Cette présentation se termine avec un aperçu de l’Algérie d’après 1962 avec des faits, seulement des faits, en image et sans polémique de l’Algérie d’après 1960, faisant d’Alger la capitale culturelle des mouvements tiers-mondistes dans la mouvance de Frantz Fanon accueillant notamment l’architecte Oscar Niemeyer exilé du Brésil et auteur de belles réalisations en cours de réfection.

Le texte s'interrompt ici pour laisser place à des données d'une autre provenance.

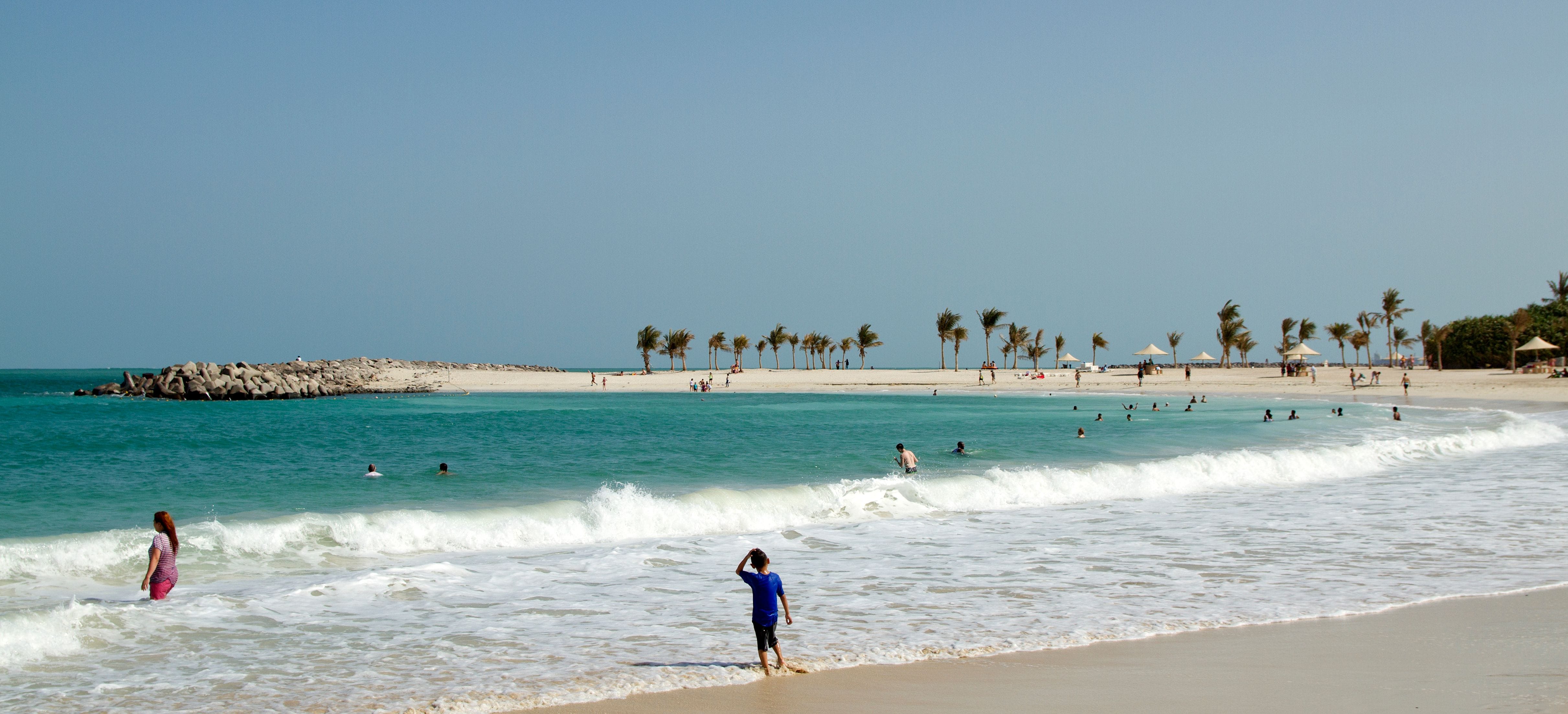 The Al Mamzar Beach Park is less of an ocean and more of a pool experience for those who like to lie back by the pool rather than wade through the sea. There are three crystal clear pools with lots of palm trees all around, and they are really good for families with little children, as the lifeguards patrol the area, and there are even some shaded areas for relaxing.
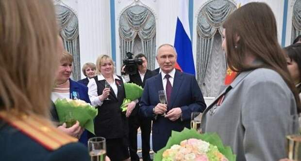 Президент России Владимир Путин поднял бокал за женщин во время праздничного мероприятия в Кремле в честь Международного женского дня. Видео опубликовали «Известия».
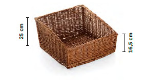 A négyzet alakú kenyérkosár nagyméretű, 46x45 cm-es alapterülettel, amely bőséges helyet biztosít kenyérnek, pékárunak vagy gyümölcsnek. A sötétbarna fűzfából kézzel font kosár természetes, rusztikus, mégis elegáns megjelenést kölcsönöz. Különleges textúrája miatt éttermekben, hotelekben és svédasztalos tálalásoknál is kitűnő választás.
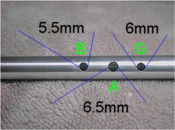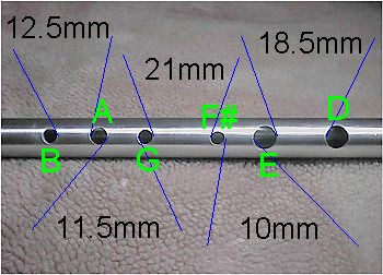 そこで、G・A・B・C#のピッチを標準ピッチにまで上げるために、各トーンホールを削って拡大してみようという試みです。G・A・B・C#のピッチをいじるということは、F#・G・A・Bのトーンホールを削って大きくすることになります。
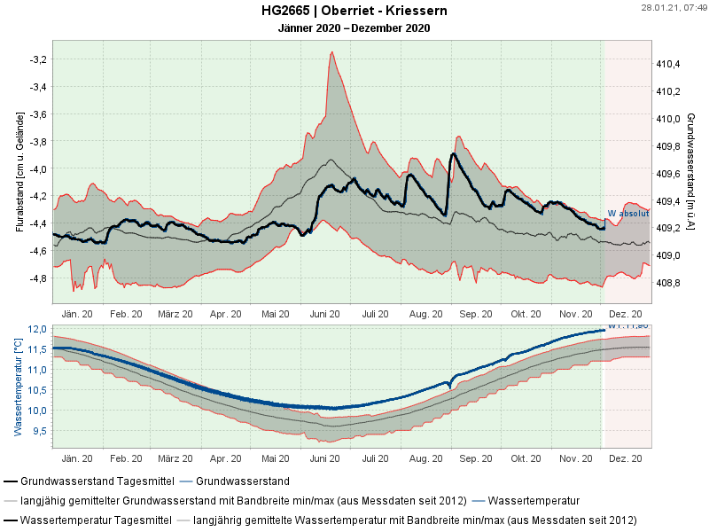 Grundwasserstand Absolut und Flurabstand mit Temperatur und mehrjährigen Werten:
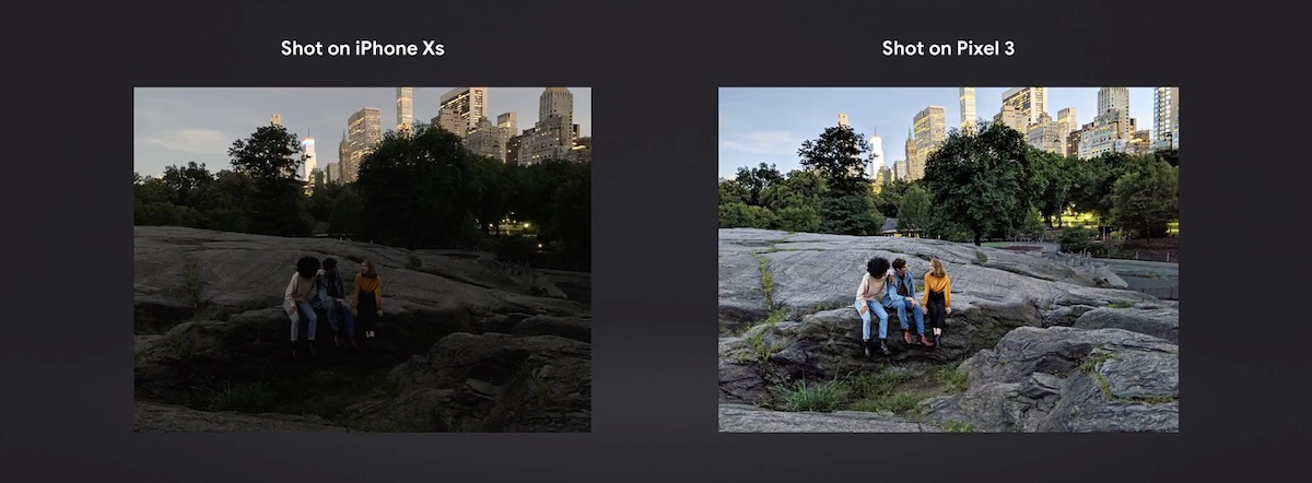 The company focused on the Pixel 3's advanced camera, including an HDR+ mode and "Top Shot," which automatically captures multiple shots with HDR+ and recommends one that might be better than your photo. Night Sight will enhance photos captured in low-light scenarios, and Google compared nighttime images on the iPhone XS with those taken on Pixel 3. Users can also now edit the depth of field effect in portrait mode, like on iPhone XS and XS Max.
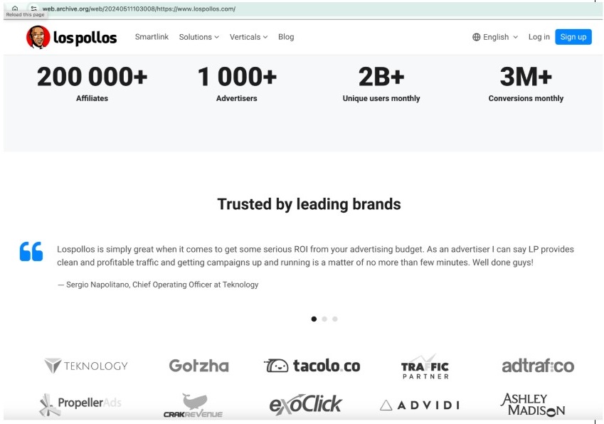 Figure 2. The Los Pollos website in May 2024, as recorded by archive.org, claimed 2 billion unique users. Several of the testimonial brands listed on the site, including Teknology, tacolo[.]co, and Adtrafico are part of VexTrio.
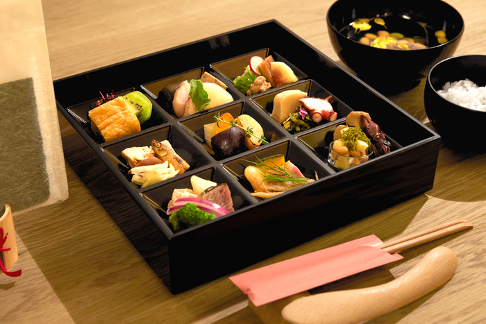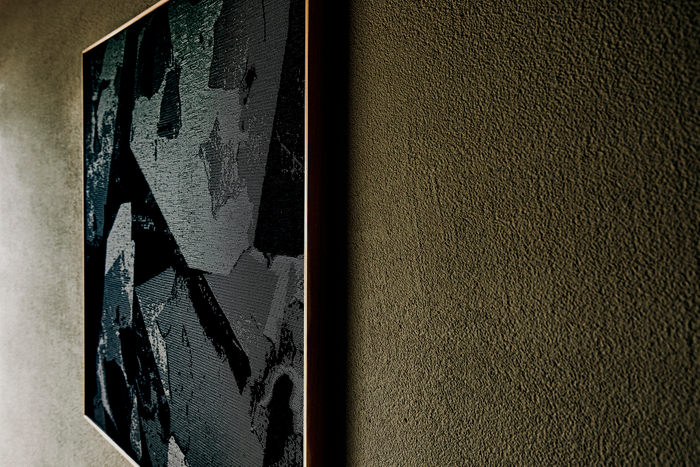 また本施設内には、京都にゆかりのあるさまざまな企業の製品や作家の作品を備品として設置しています。一例として、元禄元年(1688年)に京都西陣で創業し、文化の継承に取り組む「細尾」には、本施設のオープンにあわせて、日本の美意識が表現されている谷崎潤一郎の著書「陰翳礼讃」にインスピレーションを得て作られた西陣織で、アートパネルを製作していただきました。
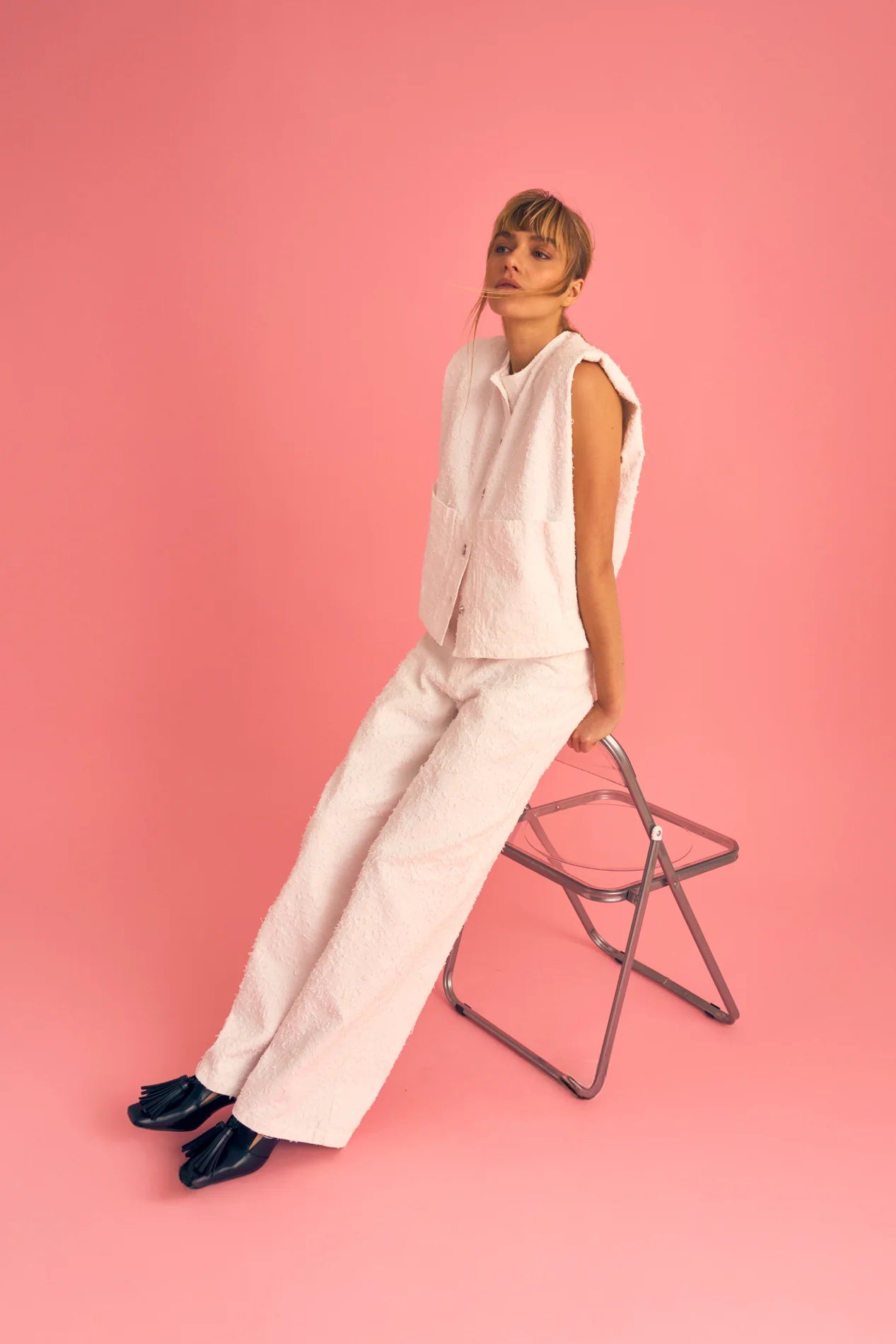 Denim broek met textuur en klassiek vijfzakkenmodel. De hoge taille en rechte, wijde pijpen zorgen voor een modern en krachtig silhouet.
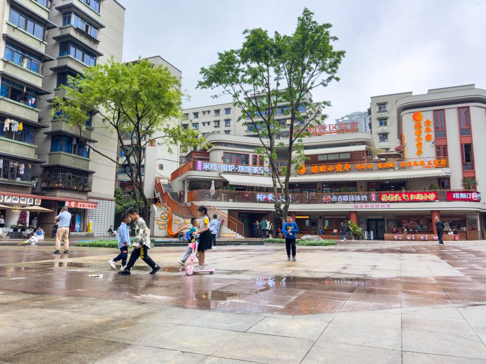 4月21日,几名小孩在重庆市九龙坡区谢家湾街道民主村片区城市更新项目(一期)广场游玩,背后是琳琅满目的餐饮店。新华社记者 黄伟 摄
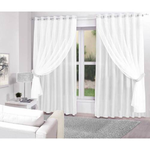 Características do Produto Dimensões: 3,00m de largura 2,70m altura. Material: Tecido e renda 100% poliéster. Ideal para varão simples no máximo até 2,00m. Varão não incluso. Contém:. 01 Cortina. Observações: Considerar medidas e formatos especificados na descrição do produto Composto apenas pela cortina, demais itens e acessórios. são decorativos e não acompanham o produto Ean: 7908235915553
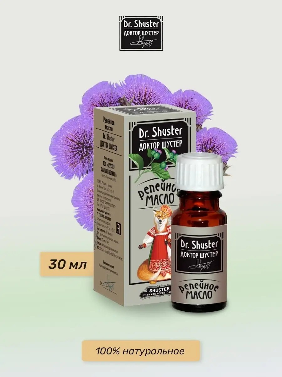 Масло косметическое репейное для укрепления и роста волос / ресниц DR.SHUSTER ДОКТОР ШУСТЕР 30 мл. Репейное масло активизирует рост волос, борется с жирной себореей кожи головы, укрепляет волосяные луковицы, уничтожает перхоть и устраняет сальность головы; питает и укрепляет волосы, усиливает их рост, останавливает процессы выпадения волос, устраняет перхоть, зуд и сухость кожи головы, восстанавливает поврежденную структуру волос. Подходит для: Репейное масло для волос от выпадения. питание. уход за бородой и усами. для бровей и ресниц.
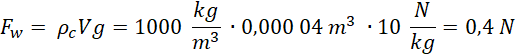 Wskazanie siłomierza po zanurzeniu ciała w wodzie to różnica pomiędzy ciężarem ciała i siłą wyporu. Siłę wyporu policzysz ze wzoru:
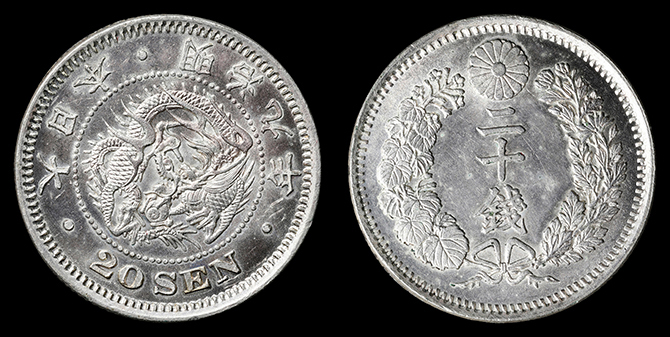 191 旭日竜20銭 明治4年 PCGS(MS66+) 未+ 30,000円
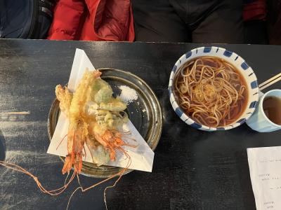 軽井沢のハルニレテラスある軽井沢の有名蕎麦屋さんの支店です。1月の平日だったので駐車場も空いていて平日駐無料でした。寒かったのでシンプルなせいろ蕎麦の他に上天ぷら蕎麦、鴨南蛮蕎麦を頼みました。家族が海老好きなので天ぷらが2匹になる上天ぷらにしましたが上天ぷらの海老のボリュームがすごかったです。もちろん蕎麦も美味しいし、鴨南蛮の鴨も柔らかくてとても美味しいお蕎麦屋さんでした。
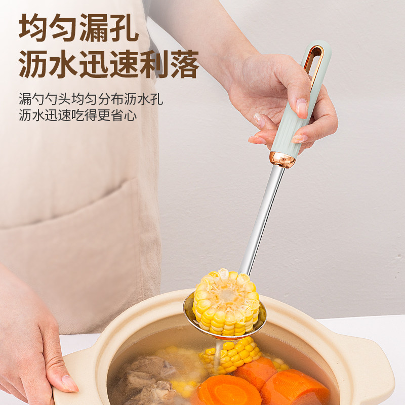 食用不锈钢汤勺304大号盛汤食品级家用高档精致长柄火锅勺漏勺子
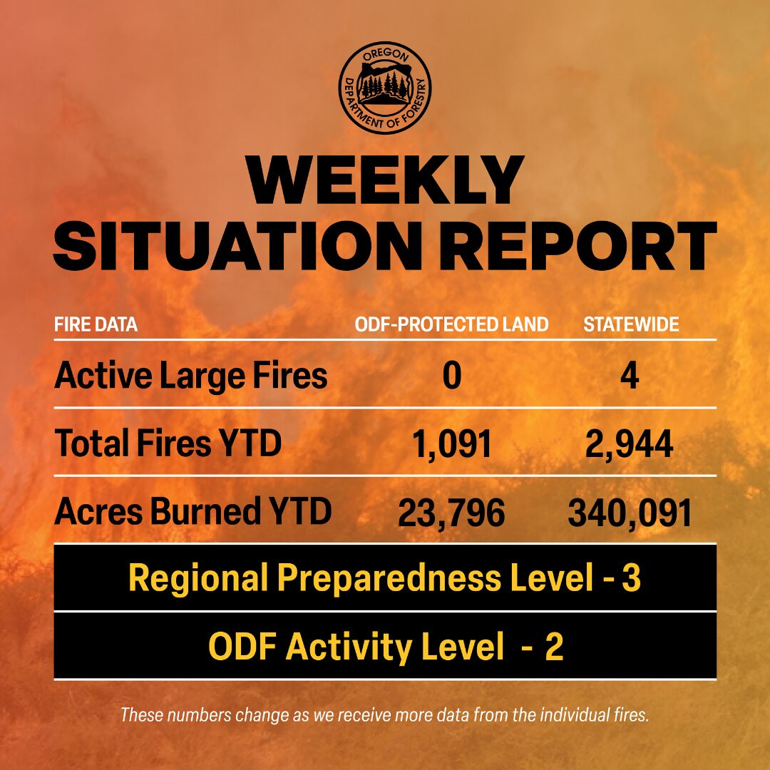 Prevention: Even with lower temperatures and intermittent rain, fuels remain very dry with the potential for a fire to start and grow. Thus far in the season, there have been 1,091 fires on ODF-protected lands – 671 of which have been human-caused. By taking a few extra steps, you can help prevent the next wildfire in Oregon.
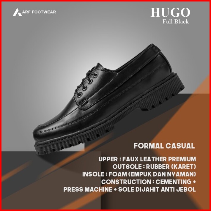 Sepatu Formal Pantofel Kulit Kerja Docmart Pria Wanita Arf Hugo Black
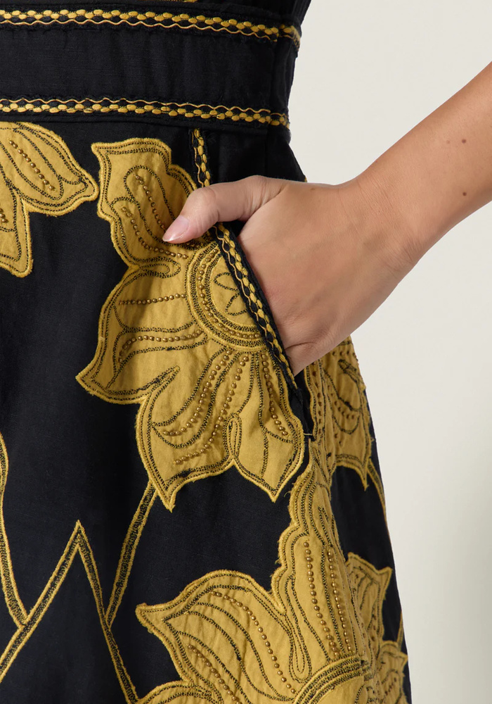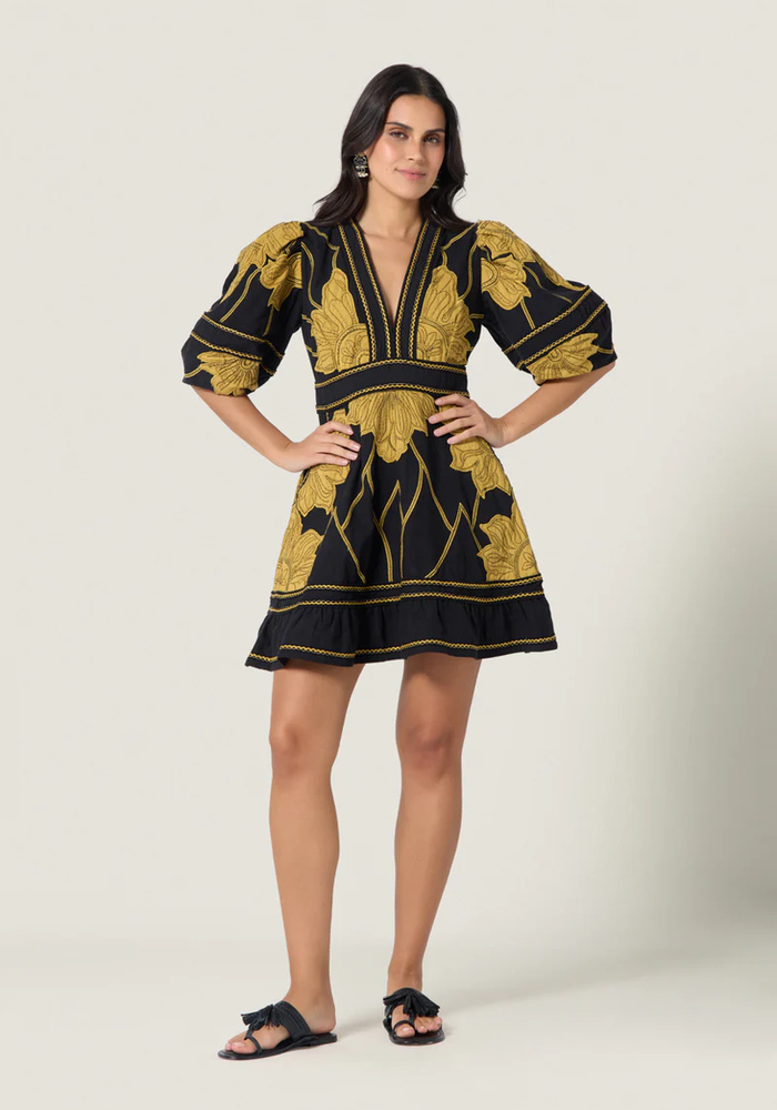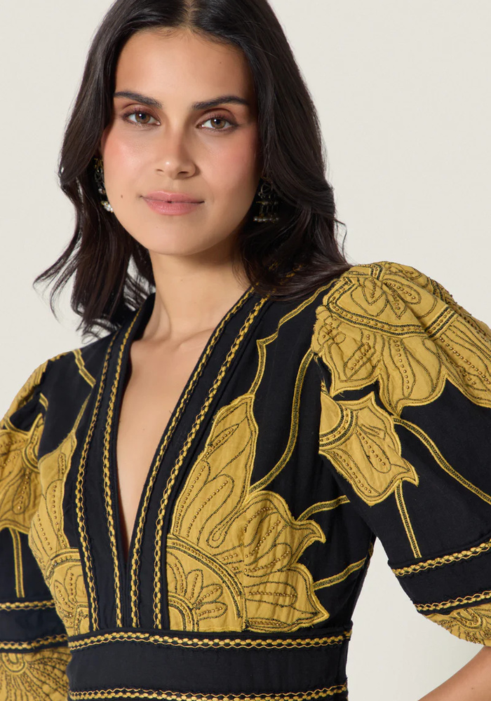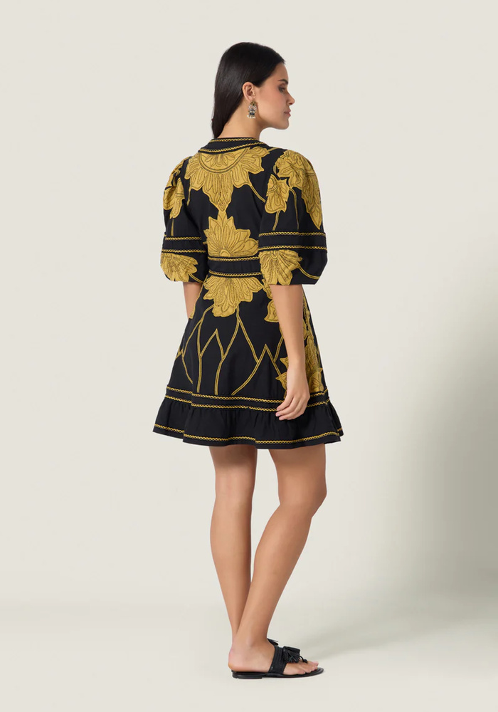 Scarlett Poppies Petal Whispers Dress is een vrouwelijke fit-and-flare jurk met pofmouwen en een getrapte zoom. De katoenen stof met bloemapplicaties en gouden details geeft de jurk een elegante, verfijnde look.

Le catalogue rend compte de l’histoire du territoire algérien par un ensemble de textes et d’essais inédits de Nacéra Benseddik, Hélène Blais, Daho Djerbal, François Dumasy, Nadira Laggoune, Zahia Rahmani, Jean-Yves Sarazin, Nicolas Schaub, Todd Shepard, Fouad Soufi et Sylvie Thénault.
Une collaboration exceptionnelle s’est exercée pour Made in Algeria entre trois institutions nationales : la BNF, l’INHA et le Mucem. L’exposition a bénéficié au cours de son élaboration du soutien bienveillant des autorités de la République algérienne démocratique et populaire, de son ministère de la Culture et de l’ambassade de France à Alger, rappellent les commissaires d’exposition.